_Work task_.
From the line with "Bohemian style in" to the line with "並び替えで落ちる歯車8個でAはMAXになるので、育成も楽々(^o^)", retype each line exactly as it stands in the records below, but skip the pictures.

_Exercise materials_.
▼

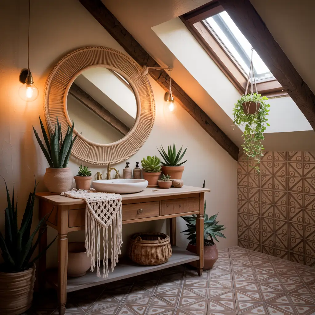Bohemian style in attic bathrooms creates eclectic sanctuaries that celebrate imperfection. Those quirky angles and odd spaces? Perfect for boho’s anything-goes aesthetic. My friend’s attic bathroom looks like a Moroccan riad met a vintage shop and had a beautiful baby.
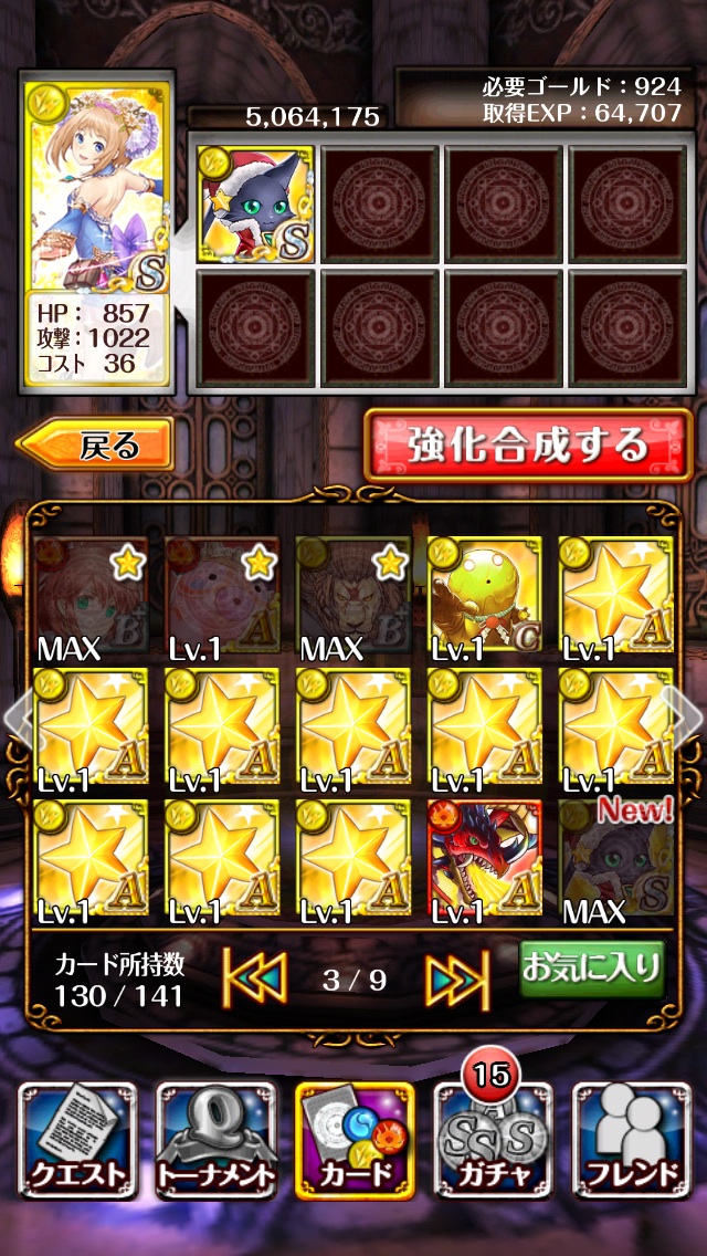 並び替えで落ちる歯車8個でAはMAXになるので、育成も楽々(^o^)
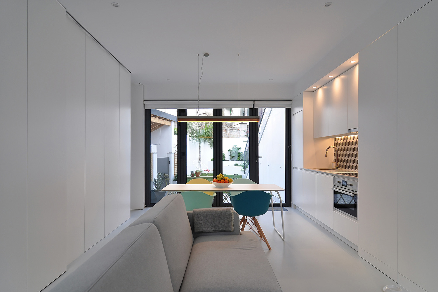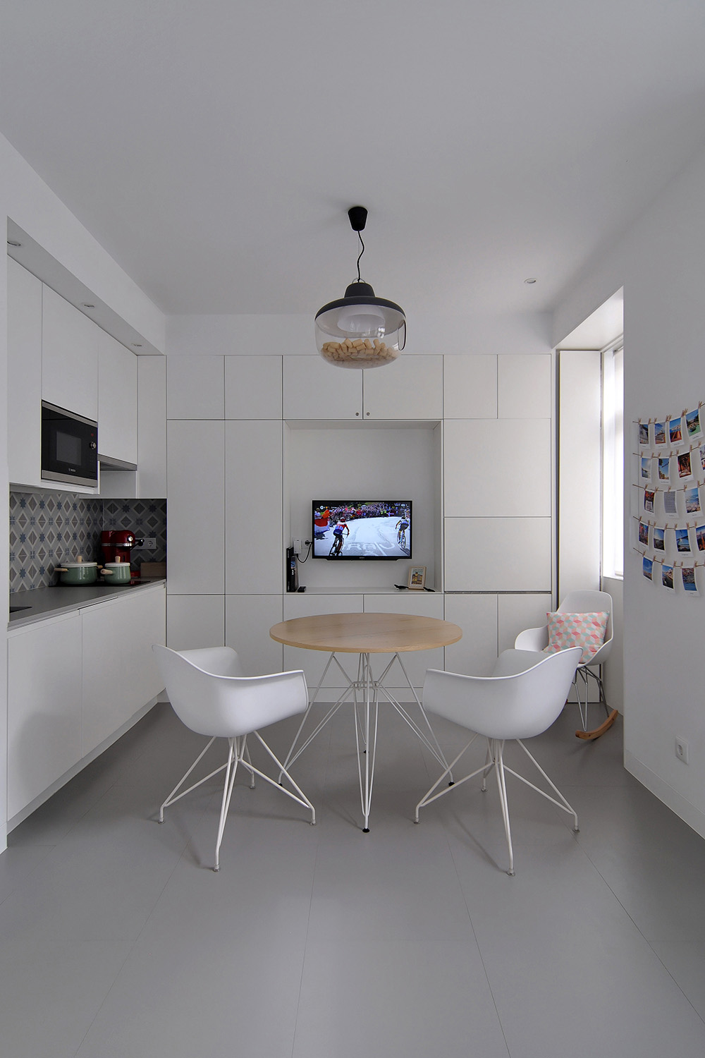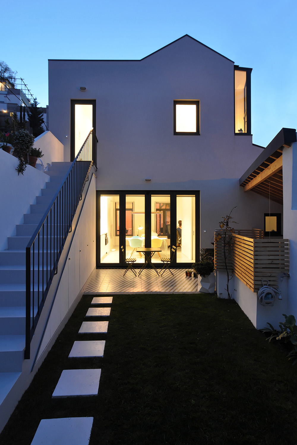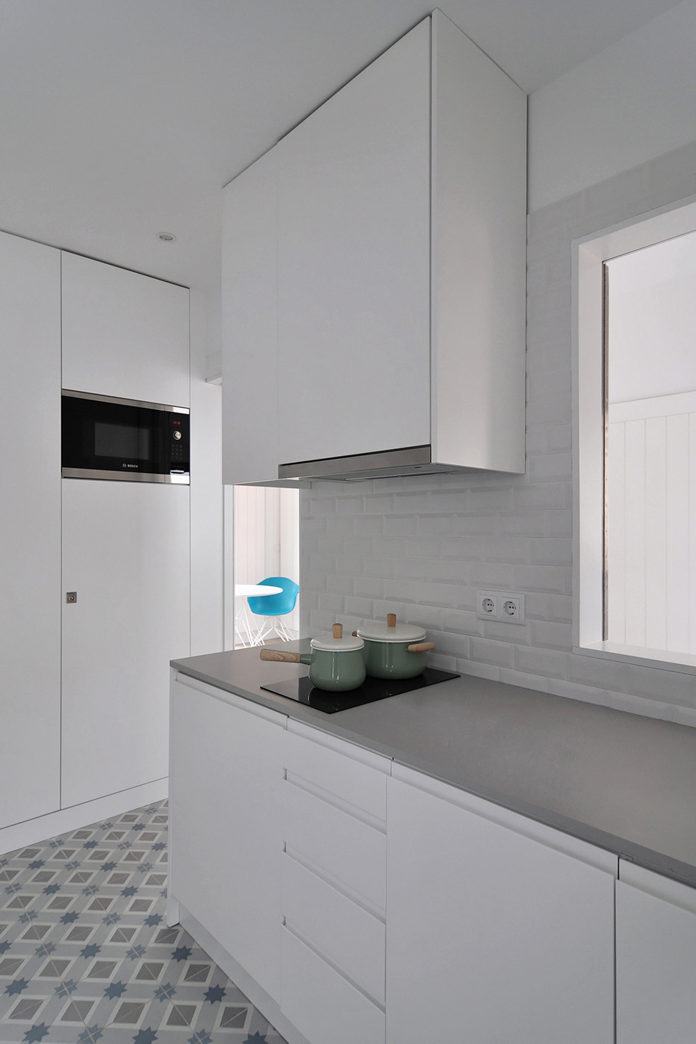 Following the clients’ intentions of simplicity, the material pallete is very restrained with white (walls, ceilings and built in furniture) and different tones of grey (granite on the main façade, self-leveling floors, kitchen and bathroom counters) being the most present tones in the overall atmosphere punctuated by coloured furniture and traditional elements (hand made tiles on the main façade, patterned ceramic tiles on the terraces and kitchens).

▲
▼

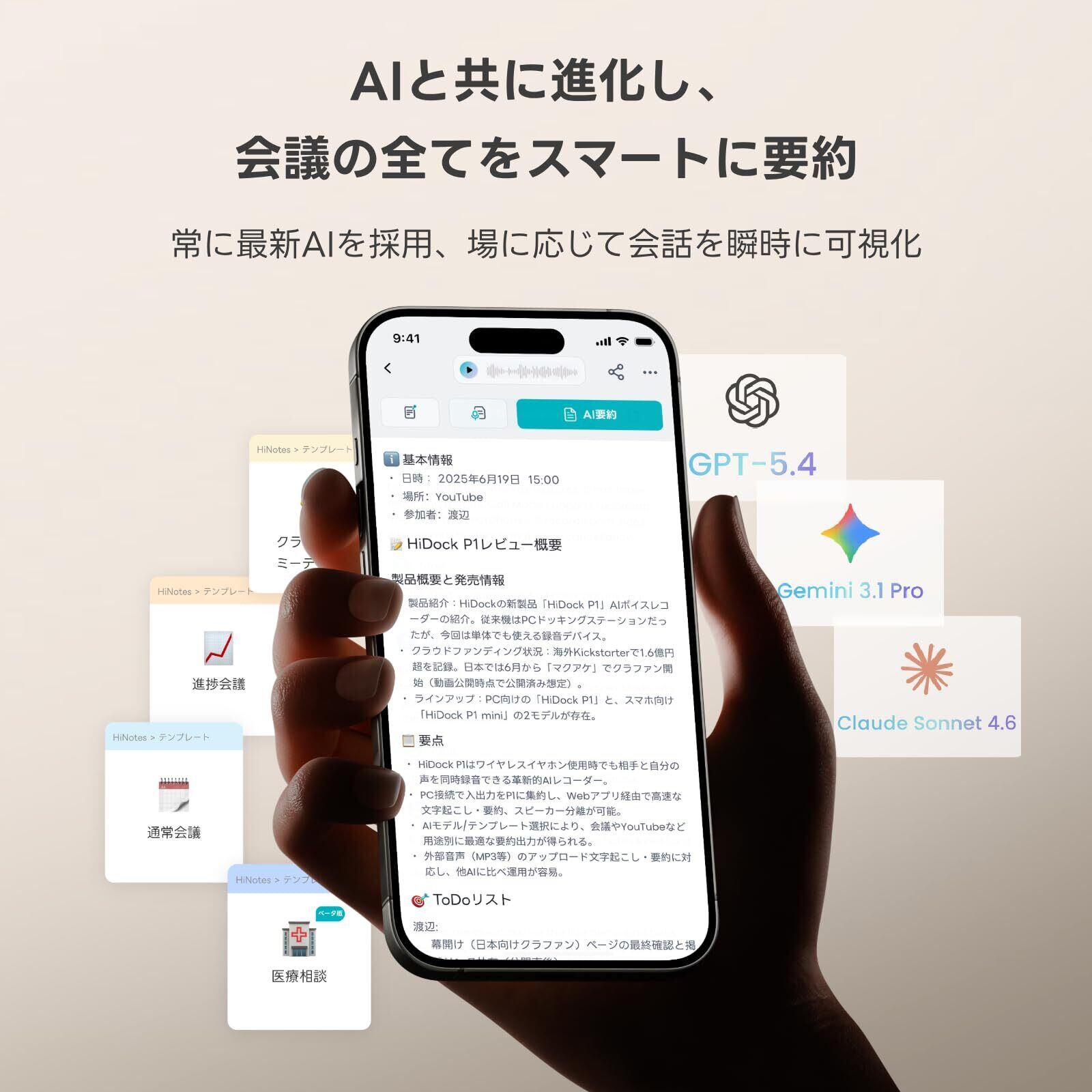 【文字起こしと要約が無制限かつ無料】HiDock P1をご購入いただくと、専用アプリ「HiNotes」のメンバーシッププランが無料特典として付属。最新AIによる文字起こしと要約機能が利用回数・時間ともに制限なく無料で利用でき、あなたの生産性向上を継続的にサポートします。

▲

_Problem solution_.
Bohemian style in attic bathrooms creates eclectic sanctuaries that celebrate imperfection. Those quirky angles and odd spaces? Perfect for boho’s anything-goes aesthetic. My friend’s attic bathroom looks like a Moroccan riad met a vintage shop and had a beautiful baby.
 並び替えで落ちる歯車8個でAはMAXになるので、育成も楽々(^o^)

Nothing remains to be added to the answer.